• _What to work on_: Using the data below, print exactly the line with "QYT系列高溫剛體滑觸線是由", the line with "仪式结束后,师生即刻奔赴亮甲", and every line between them, but none of the pictures.

• _Records_:
Start of Block

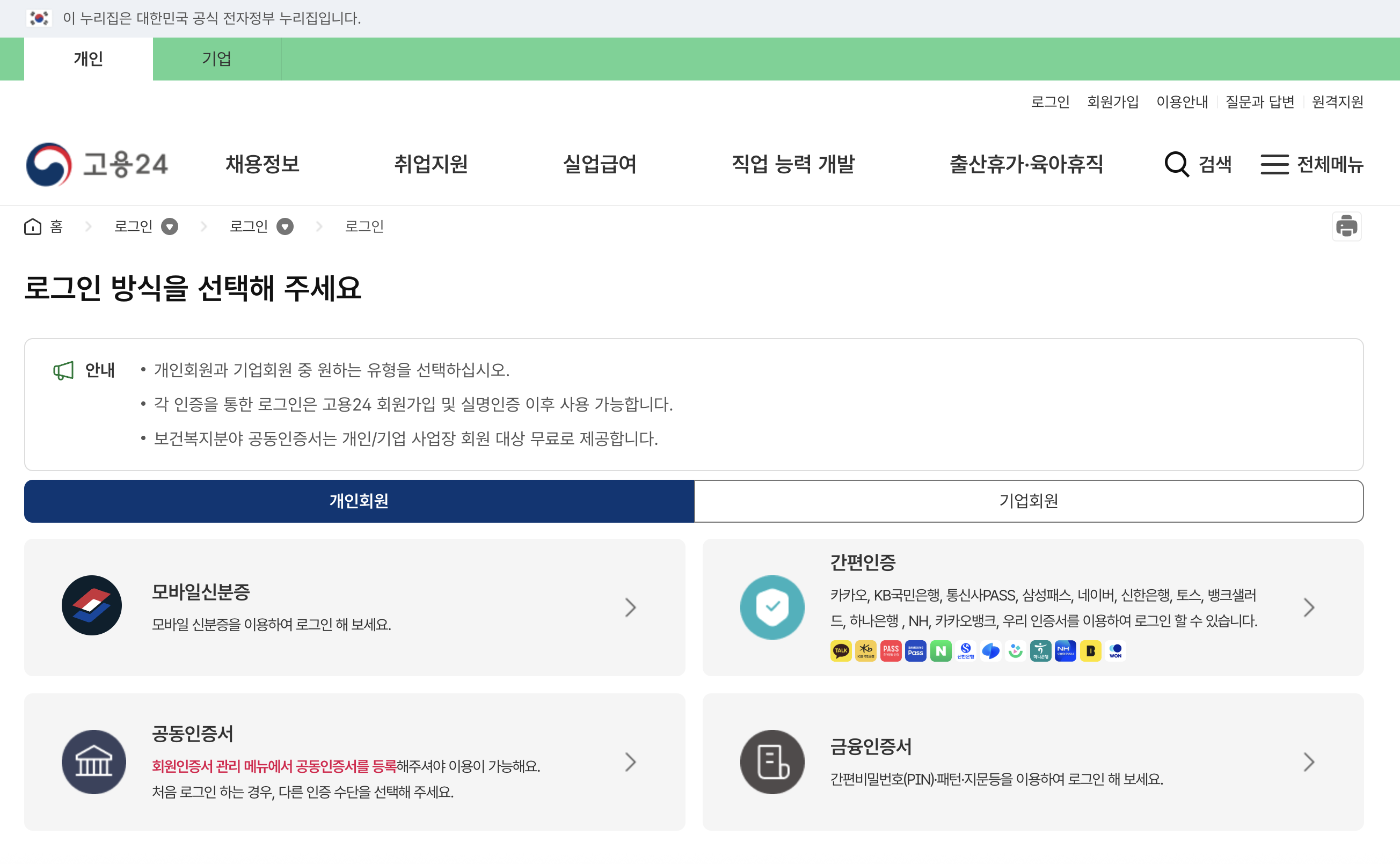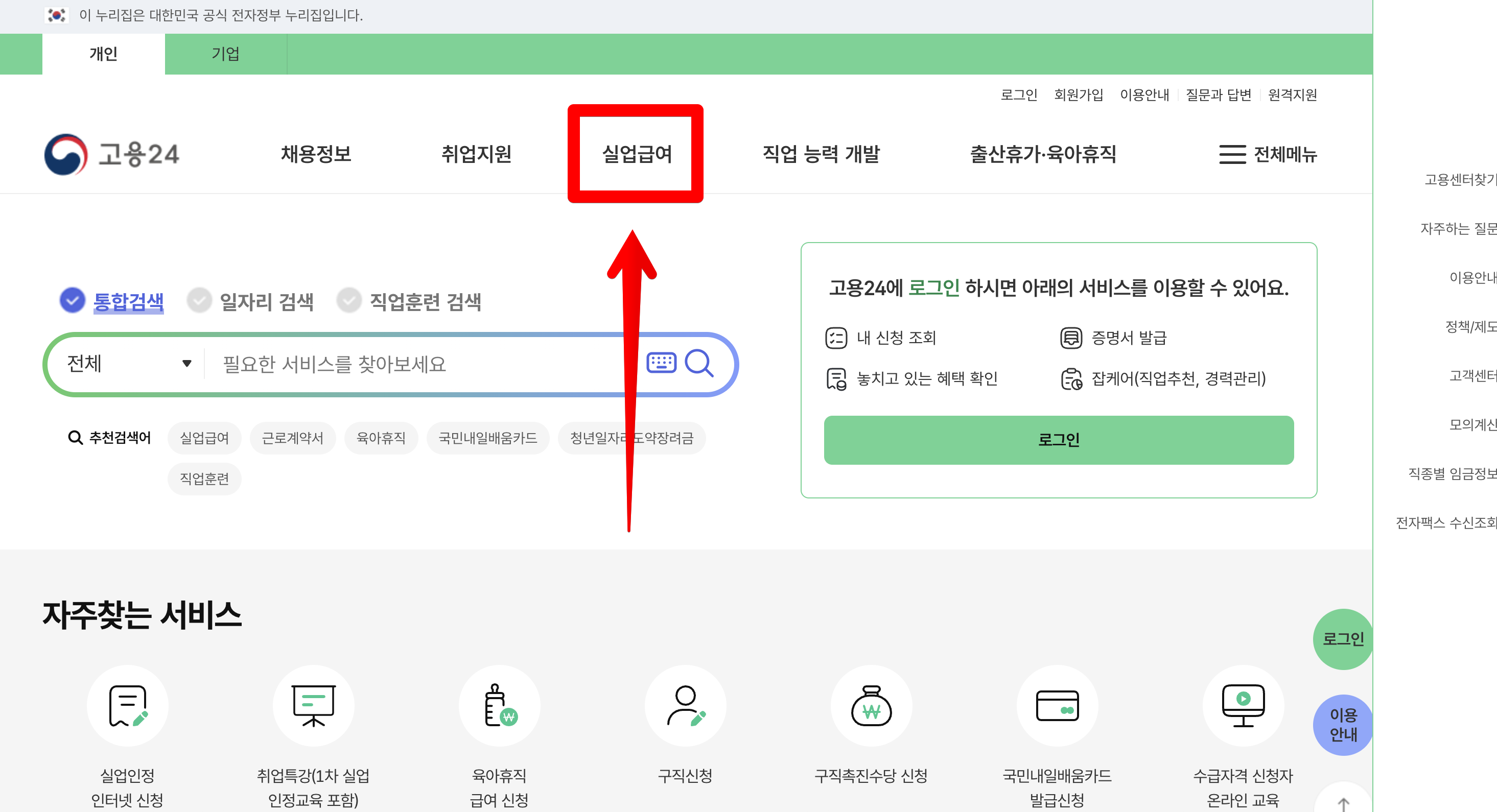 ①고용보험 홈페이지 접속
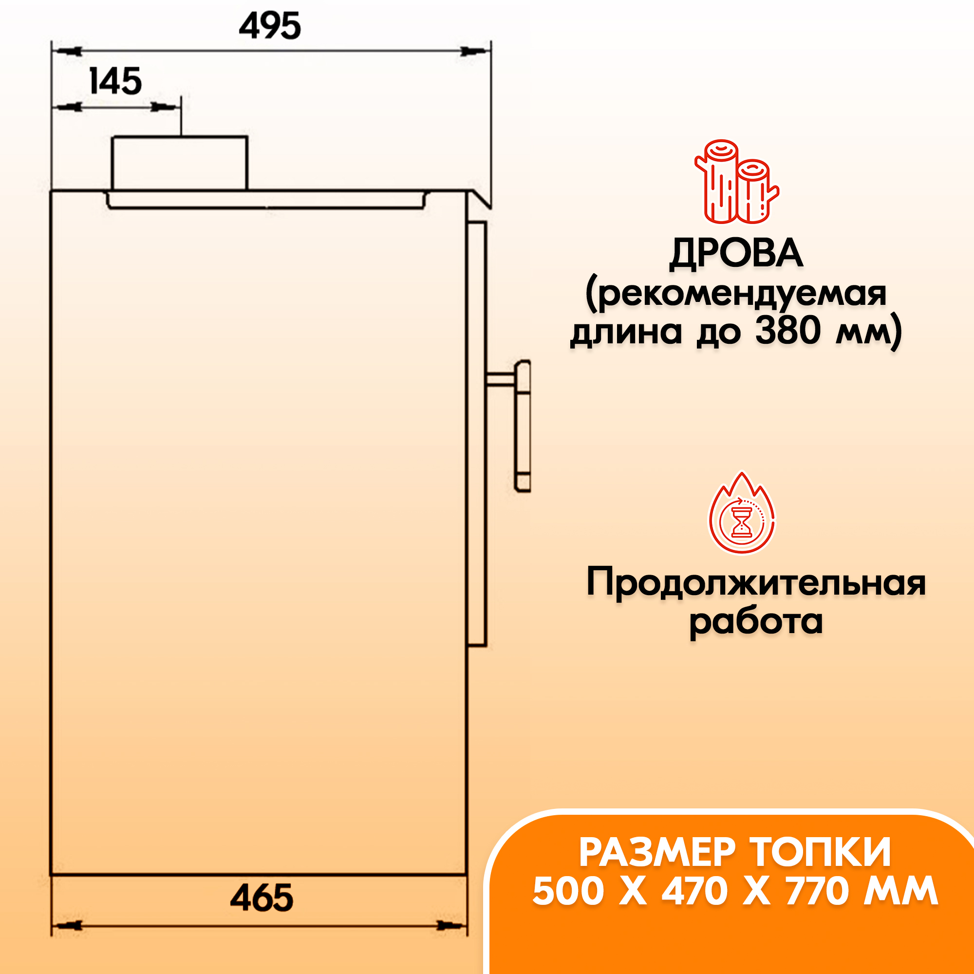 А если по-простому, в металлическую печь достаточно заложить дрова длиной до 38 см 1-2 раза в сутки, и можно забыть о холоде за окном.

End of Block
Start of Block

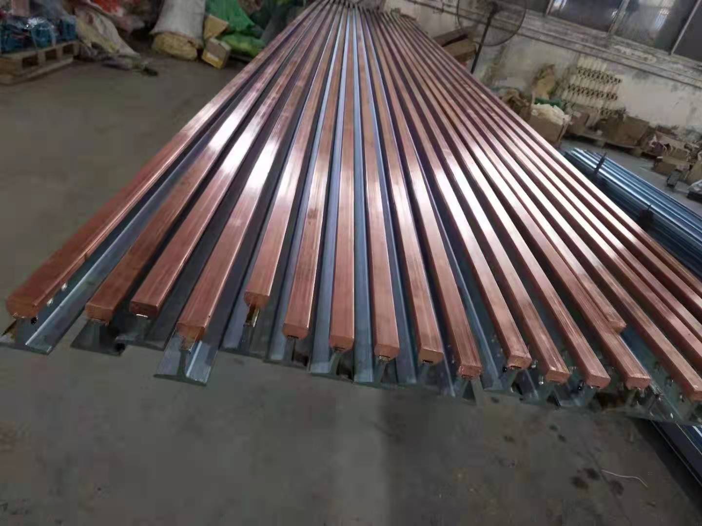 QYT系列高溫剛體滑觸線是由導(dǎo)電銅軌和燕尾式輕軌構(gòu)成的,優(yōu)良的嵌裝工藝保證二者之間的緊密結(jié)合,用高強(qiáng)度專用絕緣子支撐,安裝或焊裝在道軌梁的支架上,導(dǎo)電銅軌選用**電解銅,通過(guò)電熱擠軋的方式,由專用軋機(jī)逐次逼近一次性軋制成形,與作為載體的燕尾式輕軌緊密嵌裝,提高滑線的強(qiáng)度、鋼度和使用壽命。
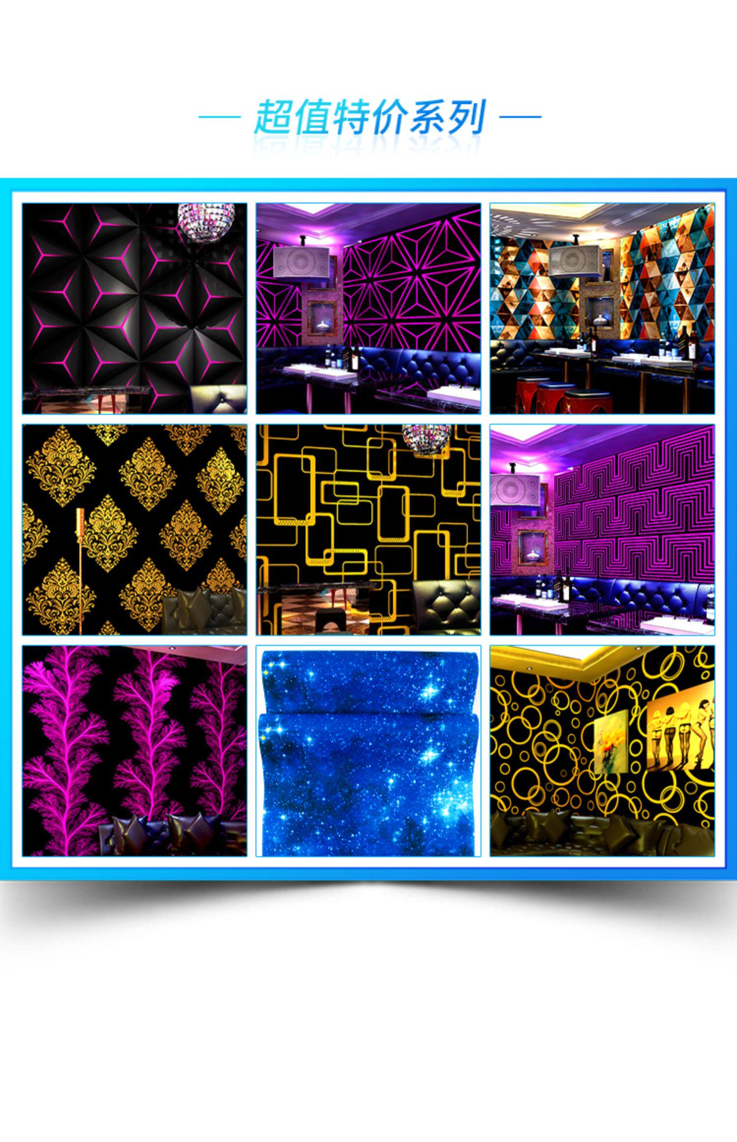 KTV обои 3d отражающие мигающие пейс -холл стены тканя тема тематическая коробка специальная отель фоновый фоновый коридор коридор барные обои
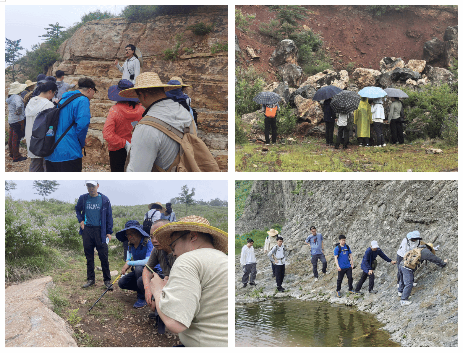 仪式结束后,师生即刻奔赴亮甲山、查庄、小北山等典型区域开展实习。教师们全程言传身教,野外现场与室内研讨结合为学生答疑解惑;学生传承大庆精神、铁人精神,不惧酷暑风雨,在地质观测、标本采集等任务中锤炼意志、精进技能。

End of Block

• _Result for this exercise_:
 QYT系列高溫剛體滑觸線是由導(dǎo)電銅軌和燕尾式輕軌構(gòu)成的,優(yōu)良的嵌裝工藝保證二者之間的緊密結(jié)合,用高強(qiáng)度專用絕緣子支撐,安裝或焊裝在道軌梁的支架上,導(dǎo)電銅軌選用**電解銅,通過(guò)電熱擠軋的方式,由專用軋機(jī)逐次逼近一次性軋制成形,與作為載體的燕尾式輕軌緊密嵌裝,提高滑線的強(qiáng)度、鋼度和使用壽命。
 KTV обои 3d отражающие мигающие пейс -холл стены тканя тема тематическая коробка специальная отель фоновый фоновый коридор коридор барные обои
 仪式结束后,师生即刻奔赴亮甲山、查庄、小北山等典型区域开展实习。教师们全程言传身教,野外现场与室内研讨结合为学生答疑解惑;学生传承大庆精神、铁人精神,不惧酷暑风雨,在地质观测、标本采集等任务中锤炼意志、精进技能。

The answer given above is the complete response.